[Exercise description] Print out the data precisely as it appears here, with no pictures.

[Collected material]

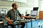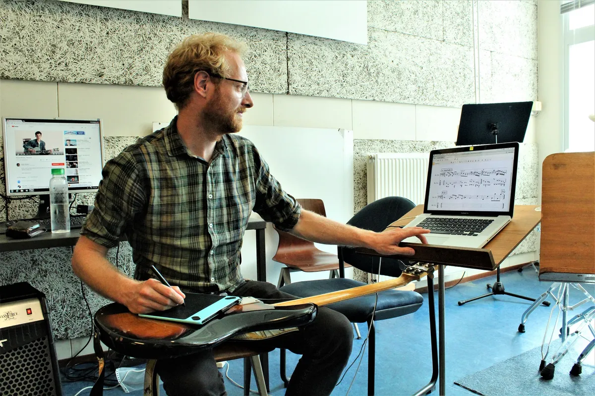Max is zich er sterk van bewust dat leerlingen voor hun plezier naar basles komen, en doet dan ook niet moeilijk als iemand een keer niet heeft kunnen studeren. “Als docent moet je je goed kunnen verplaatsen in iemand. Echt wel een beetje voelsprieten hebben voor hoe iemand in elkaar zit en daarin mee kunnen gaan. Ik vind het ook belangrijk om in te spelen op iemands belevingswereld. Daarom probeer ik de inhoud van de lessen op te hangen aan muziek die iemand leuk vindt. Dus ik behandel een bepaald nummer of een bepaalde stijl, maar dan zo dat je er technisch of theoretisch allerlei overkoepelende zaken uit kunt halen. Ik denk dat ik misschien meer dan de gemiddelde leraar op de theorie zit, voor een wat steviger begrip van hoe muziek nou eigenlijk in elkaar zit. Omdat je dat breder kunt toepassen dan ‘dit of dat vakje op de hals’. ”Ook vindt hij het leuk om iemands muzikale horizon te verbreden: “Als ik iets in m’n computer heb waarvan ik denk dat het kan aansluiten bij de muzieksmaak van een leerling, probeer ik dat aan te bieden en dan kan het zomaar dat diegene daardoor nieuwe bands ontdekt. Dat is ook iets tofs om mee te geven.” Max maakt al zijn lesmateriaal zelf en is sinds dit muziekschooljaar volledig overgestapt op lesgeven met de laptop. “Fantastisch! Echt een van de beste zetten die ik de afgelopen jaren heb gedaan. Ik ontwerp alle oefeningen min of meer custom, zodat ik er van alles uit kan halen. Die heb ik nu allemaal altijd bij me in m’n laptop en als ik iets moet aanpassen, bijvoorbeeld een nummer in een andere toonsoort zetten, dan gaat dat veel sneller dan vroeger. Bovendien ziet het er veel netter uit dan toen ik alles met de hand uitschreef.”
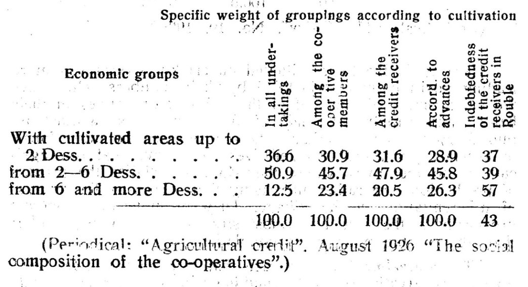 The data available at the present time on the spread of co-operation among the various social strata of the village show, however, a comparatively large participation of the well-to-do strata of the village in the whole work of the co-operatives. Thus the statements issued on the agricultural credit co-operatives of the R.S.F.S.R., which comprise two thirds of the members of all agricultural co-operatives, give, the following picture:
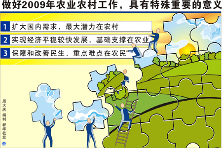新華社北京2月1日電 新華社1日受權(quán)全文播發(fā)《中共中央 國務(wù)院關(guān)于2009年促進(jìn)農(nóng)業(yè)穩(wěn)定發(fā)展農(nóng)民持續(xù)增收的若干意見》!兑庖姟分赋觯仨毲袑嵲鰪(qiáng)危機(jī)意識,充分估計困難,緊緊抓住機(jī)遇,果斷采取措施,堅決防止糧食生產(chǎn)滑坡,堅決防止農(nóng)民收入徘徊,確保農(nóng)業(yè)穩(wěn)定發(fā)展,確保農(nóng)村社會安定。 《意見》共分5部分,約11000字。包括:加大對農(nóng)業(yè)的支持保護(hù)力度;穩(wěn)定發(fā)展農(nóng)業(yè)生產(chǎn);強(qiáng)化現(xiàn)代農(nóng)業(yè)物質(zhì)支撐和服務(wù)體系;穩(wěn)定完善農(nóng)村基本經(jīng)營制度;推進(jìn)城鄉(xiāng)經(jīng)濟(jì)社會發(fā)展一體化。 《意見》指出,2009年農(nóng)業(yè)農(nóng)村工作的總體要求是:全面貫徹黨的十七大、十七屆三中全會和中央經(jīng)濟(jì)工作會議精神,高舉中國特色社會主義偉大旗幟,以鄧小平理論和“三個代表”重要思想為指導(dǎo),深入貫徹落實科學(xué)發(fā)展觀,把保持農(nóng)業(yè)農(nóng)村經(jīng)濟(jì)平穩(wěn)較快發(fā)展作為首要任務(wù),圍繞穩(wěn)糧、增收、強(qiáng)基礎(chǔ)、重民生,進(jìn)一步強(qiáng)化惠農(nóng)政策,增強(qiáng)科技支撐,加大投入力度,優(yōu)化產(chǎn)業(yè)結(jié)構(gòu),推進(jìn)改革創(chuàng)新,千方百計保證國家糧食安全和主要農(nóng)產(chǎn)品有效供給,千方百計促進(jìn)農(nóng)民收入持續(xù)增長,為經(jīng)濟(jì)社會又好又快發(fā)展繼續(xù)提供有力保障。 《意見》指出,做好2009年農(nóng)業(yè)農(nóng)村工作,具有特殊重要的意義。擴(kuò)大國內(nèi)需求,最大潛力在農(nóng)村;實現(xiàn)經(jīng)濟(jì)平穩(wěn)較快發(fā)展,基礎(chǔ)支撐在農(nóng)業(yè);保障和改善民生,重點(diǎn)難點(diǎn)在農(nóng)民。 《意見》指出,擴(kuò)大內(nèi)需、實施積極的財政政策,要把“三農(nóng)”作為投入重點(diǎn)。要進(jìn)一步增加農(nóng)業(yè)農(nóng)村投入,較大幅度增加農(nóng)業(yè)補(bǔ)貼,保持農(nóng)產(chǎn)品價格合理水平,增強(qiáng)農(nóng)村金融服務(wù)能力。 《意見》強(qiáng)調(diào),在農(nóng)業(yè)連續(xù)增產(chǎn)的高基數(shù)上,2009年保持糧食穩(wěn)定發(fā)展的任務(wù)更加繁重。必須加大力度扶持糧食生產(chǎn),穩(wěn)定糧食播種面積,優(yōu)化品種結(jié)構(gòu),提高單產(chǎn)水平,不斷增強(qiáng)綜合生產(chǎn)能力。要支持優(yōu)勢產(chǎn)區(qū)集中發(fā)展油料等經(jīng)濟(jì)作物生產(chǎn),加快發(fā)展畜牧水產(chǎn)規(guī)模化標(biāo)準(zhǔn)化健康養(yǎng)殖,嚴(yán)格農(nóng)產(chǎn)品質(zhì)量安全全程監(jiān)控,加強(qiáng)農(nóng)產(chǎn)品進(jìn)出口調(diào)控。

[Solution]
Max is zich er sterk van bewust dat leerlingen voor hun plezier naar basles komen, en doet dan ook niet moeilijk als iemand een keer niet heeft kunnen studeren. “Als docent moet je je goed kunnen verplaatsen in iemand. Echt wel een beetje voelsprieten hebben voor hoe iemand in elkaar zit en daarin mee kunnen gaan. Ik vind het ook belangrijk om in te spelen op iemands belevingswereld. Daarom probeer ik de inhoud van de lessen op te hangen aan muziek die iemand leuk vindt. Dus ik behandel een bepaald nummer of een bepaalde stijl, maar dan zo dat je er technisch of theoretisch allerlei overkoepelende zaken uit kunt halen. Ik denk dat ik misschien meer dan de gemiddelde leraar op de theorie zit, voor een wat steviger begrip van hoe muziek nou eigenlijk in elkaar zit. Omdat je dat breder kunt toepassen dan ‘dit of dat vakje op de hals’. ”Ook vindt hij het leuk om iemands muzikale horizon te verbreden: “Als ik iets in m’n computer heb waarvan ik denk dat het kan aansluiten bij de muzieksmaak van een leerling, probeer ik dat aan te bieden en dan kan het zomaar dat diegene daardoor nieuwe bands ontdekt. Dat is ook iets tofs om mee te geven.” Max maakt al zijn lesmateriaal zelf en is sinds dit muziekschooljaar volledig overgestapt op lesgeven met de laptop. “Fantastisch! Echt een van de beste zetten die ik de afgelopen jaren heb gedaan. Ik ontwerp alle oefeningen min of meer custom, zodat ik er van alles uit kan halen. Die heb ik nu allemaal altijd bij me in m’n laptop en als ik iets moet aanpassen, bijvoorbeeld een nummer in een andere toonsoort zetten, dan gaat dat veel sneller dan vroeger. Bovendien ziet het er veel netter uit dan toen ik alles met de hand uitschreef.”
 The data available at the present time on the spread of co-operation among the various social strata of the village show, however, a comparatively large participation of the well-to-do strata of the village in the whole work of the co-operatives. Thus the statements issued on the agricultural credit co-operatives of the R.S.F.S.R., which comprise two thirds of the members of all agricultural co-operatives, give, the following picture:
新華社北京2月1日電 新華社1日受權(quán)全文播發(fā)《中共中央 國務(wù)院關(guān)于2009年促進(jìn)農(nóng)業(yè)穩(wěn)定發(fā)展農(nóng)民持續(xù)增收的若干意見》!兑庖姟分赋觯仨毲袑嵲鰪(qiáng)危機(jī)意識,充分估計困難,緊緊抓住機(jī)遇,果斷采取措施,堅決防止糧食生產(chǎn)滑坡,堅決防止農(nóng)民收入徘徊,確保農(nóng)業(yè)穩(wěn)定發(fā)展,確保農(nóng)村社會安定。 《意見》共分5部分,約11000字。包括:加大對農(nóng)業(yè)的支持保護(hù)力度;穩(wěn)定發(fā)展農(nóng)業(yè)生產(chǎn);強(qiáng)化現(xiàn)代農(nóng)業(yè)物質(zhì)支撐和服務(wù)體系;穩(wěn)定完善農(nóng)村基本經(jīng)營制度;推進(jìn)城鄉(xiāng)經(jīng)濟(jì)社會發(fā)展一體化。 《意見》指出,2009年農(nóng)業(yè)農(nóng)村工作的總體要求是:全面貫徹黨的十七大、十七屆三中全會和中央經(jīng)濟(jì)工作會議精神,高舉中國特色社會主義偉大旗幟,以鄧小平理論和“三個代表”重要思想為指導(dǎo),深入貫徹落實科學(xué)發(fā)展觀,把保持農(nóng)業(yè)農(nóng)村經(jīng)濟(jì)平穩(wěn)較快發(fā)展作為首要任務(wù),圍繞穩(wěn)糧、增收、強(qiáng)基礎(chǔ)、重民生,進(jìn)一步強(qiáng)化惠農(nóng)政策,增強(qiáng)科技支撐,加大投入力度,優(yōu)化產(chǎn)業(yè)結(jié)構(gòu),推進(jìn)改革創(chuàng)新,千方百計保證國家糧食安全和主要農(nóng)產(chǎn)品有效供給,千方百計促進(jìn)農(nóng)民收入持續(xù)增長,為經(jīng)濟(jì)社會又好又快發(fā)展繼續(xù)提供有力保障。 《意見》指出,做好2009年農(nóng)業(yè)農(nóng)村工作,具有特殊重要的意義。擴(kuò)大國內(nèi)需求,最大潛力在農(nóng)村;實現(xiàn)經(jīng)濟(jì)平穩(wěn)較快發(fā)展,基礎(chǔ)支撐在農(nóng)業(yè);保障和改善民生,重點(diǎn)難點(diǎn)在農(nóng)民。 《意見》指出,擴(kuò)大內(nèi)需、實施積極的財政政策,要把“三農(nóng)”作為投入重點(diǎn)。要進(jìn)一步增加農(nóng)業(yè)農(nóng)村投入,較大幅度增加農(nóng)業(yè)補(bǔ)貼,保持農(nóng)產(chǎn)品價格合理水平,增強(qiáng)農(nóng)村金融服務(wù)能力。 《意見》強(qiáng)調(diào),在農(nóng)業(yè)連續(xù)增產(chǎn)的高基數(shù)上,2009年保持糧食穩(wěn)定發(fā)展的任務(wù)更加繁重。必須加大力度扶持糧食生產(chǎn),穩(wěn)定糧食播種面積,優(yōu)化品種結(jié)構(gòu),提高單產(chǎn)水平,不斷增強(qiáng)綜合生產(chǎn)能力。要支持優(yōu)勢產(chǎn)區(qū)集中發(fā)展油料等經(jīng)濟(jì)作物生產(chǎn),加快發(fā)展畜牧水產(chǎn)規(guī)模化標(biāo)準(zhǔn)化健康養(yǎng)殖,嚴(yán)格農(nóng)產(chǎn)品質(zhì)量安全全程監(jiān)控,加強(qiáng)農(nóng)產(chǎn)品進(jìn)出口調(diào)控。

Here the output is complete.